A 20-minute ascending ladder of pull-ups, push-ups, and air squats drives massive upper-body and leg volume with moderate movement complexity. The ladder format compounds fatigue, especially on push-ups and grip, forcing strategy and pacing. While fully bodyweight, the sustained density and growing sets elevate this beyond classic Cindy into a high-output muscular endurance test.

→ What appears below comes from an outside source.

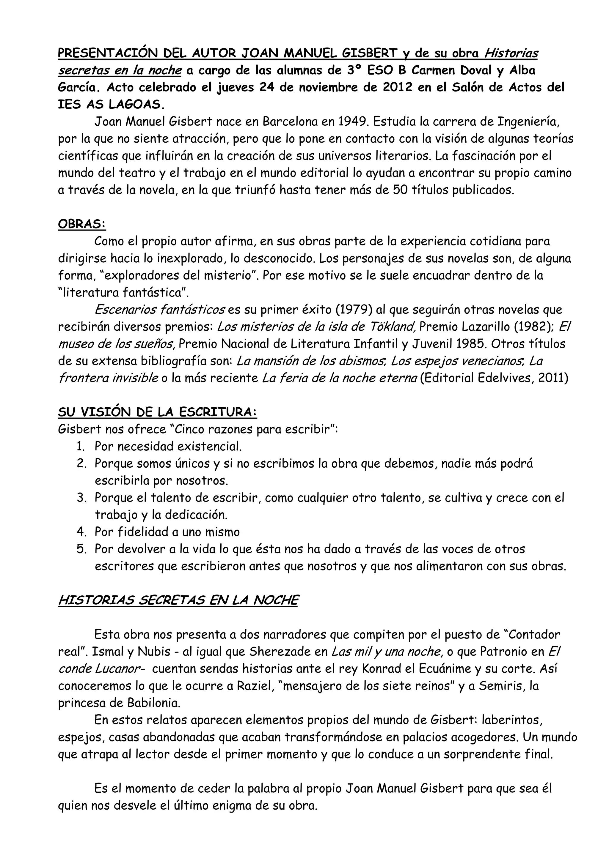 Este documento presenta al autor Joan Manuel Gisbert y su obra Historias secretas en la noche. Gisbert nació en 1949 en Barcelona y estudió ingeniería aunque se sintió más atraído por el teatro y la literatura. Ha publicado más de 50 títulos y sus obras suelen encuadrarse en la literatura fantástica. Historias secretas en la noche presenta dos narradores que compiten por el puesto de "Contador real" y cuentan historias ante el rey para entretenerlo, las cuales contienen elementos propios del mundo

This workout develops the following fitness attributes:
Scale to: Banded Pull-Up + Incline Push-Up + Air Squat • Jumping Pull-Up + Knee Push-Up + Air Squat • Start at 5/10/15 and stop at 20/40/60
These options preserve the pull-push-squat pattern and the ascending stimulus while adjusting difficulty so you can keep moving without hitting failure.
Steady, sustainable output with short, planned breaks that prevent muscular failure—especially on push-ups. Early rounds should feel smooth and fast; as sets grow, shift to small, consistent chunks. Breathing stays controlled while arms and legs burn. The goal is continuous movement, preserving grip and pressing capacity through disciplined pacing.
Pace by breaking pull-ups and push-ups early (e.g., 5s and 10s) to avoid failure. Keep transitions tight; breathe through squats. One tip: Protect your push-ups. Micro-sets with quick breaths beat long rests after a blow-up. Avoid going unbroken early, over-chalking, and staring at the bar. Set a rep plan, then stick to it.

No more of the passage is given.